- **Assigned task**:
Copy out each line of the material exactly. Pictures do not belong in the copy.

- **Available data**:
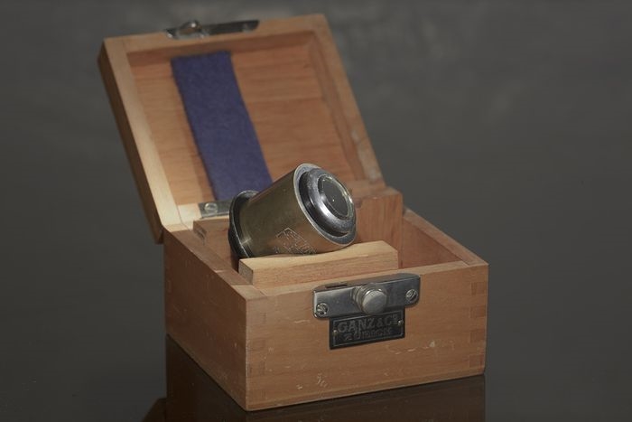 Von unten sieht er aus wie derjenige, den Herr Mappes hier (http://www.museum-optischer-instrumente.de/zeiss_kardioid.html) zeigt. Von den Proportionen entspricht er eher dem dort unter "Fig. 1" (zweites Bild von unten) abgebildeten Schnittbild...
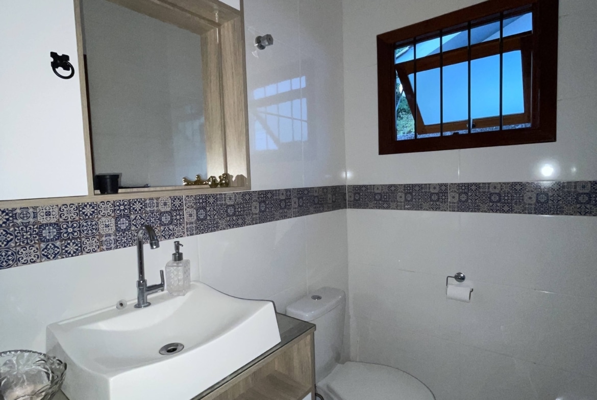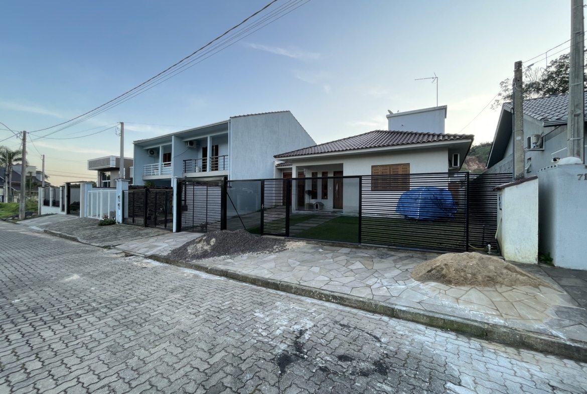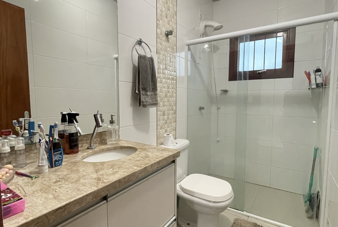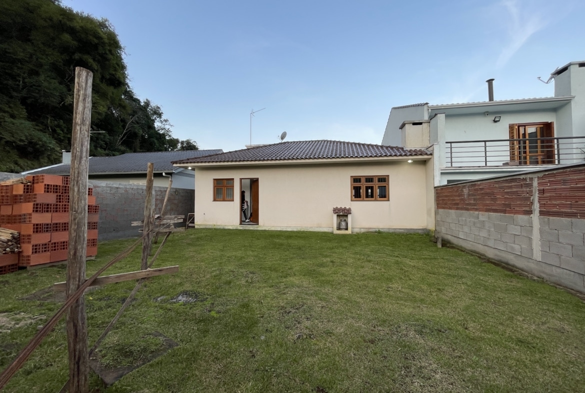 Casa completa à venda no bairro Santa Teresinha na cidade de Bom Princípio, conta com dois dormitórios, sala de estar, cozinha, lavabo, área de serviço, garagem com churrasqueira e fogão campeiro. Residência totalmente cercada e murada.
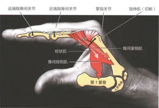 训练时则不同,因为食指、中指、名指独立性机能训练的目标是“解锁根关节”,即让控制根关节屈曲的蚓状肌能参与到发力中,如图2所示。
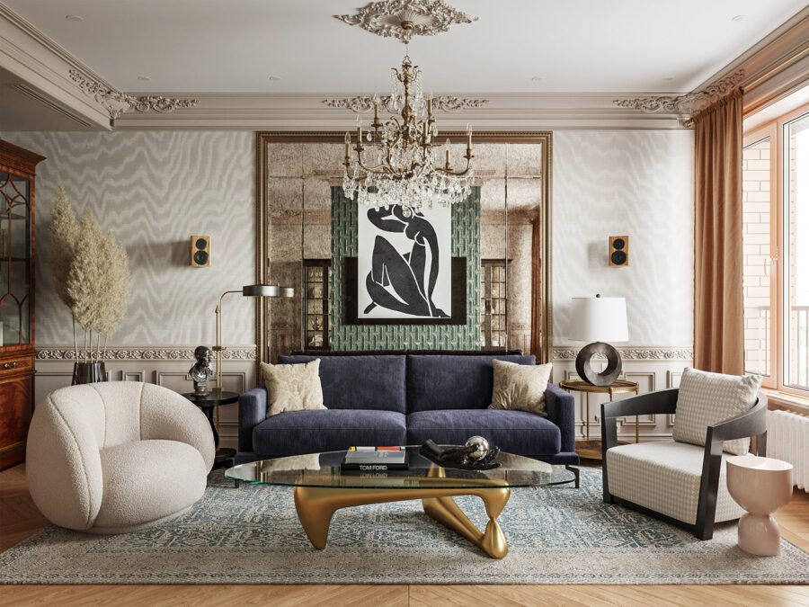 Sự cân đối và hài hòa trong bố trí không gian là yếu tố không thể thiếu trong phong cách tân cổ điển. Khi sắp xếp nội thất, cần đặc biệt lưu ý:

- **Solved problem**:
 Von unten sieht er aus wie derjenige, den Herr Mappes hier (http://www.museum-optischer-instrumente.de/zeiss_kardioid.html) zeigt. Von den Proportionen entspricht er eher dem dort unter "Fig. 1" (zweites Bild von unten) abgebildeten Schnittbild...
 Casa completa à venda no bairro Santa Teresinha na cidade de Bom Princípio, conta com dois dormitórios, sala de estar, cozinha, lavabo, área de serviço, garagem com churrasqueira e fogão campeiro. Residência totalmente cercada e murada.
 训练时则不同,因为食指、中指、名指独立性机能训练的目标是“解锁根关节”,即让控制根关节屈曲的蚓状肌能参与到发力中,如图2所示。
 Sự cân đối và hài hòa trong bố trí không gian là yếu tố không thể thiếu trong phong cách tân cổ điển. Khi sắp xếp nội thất, cần đặc biệt lưu ý:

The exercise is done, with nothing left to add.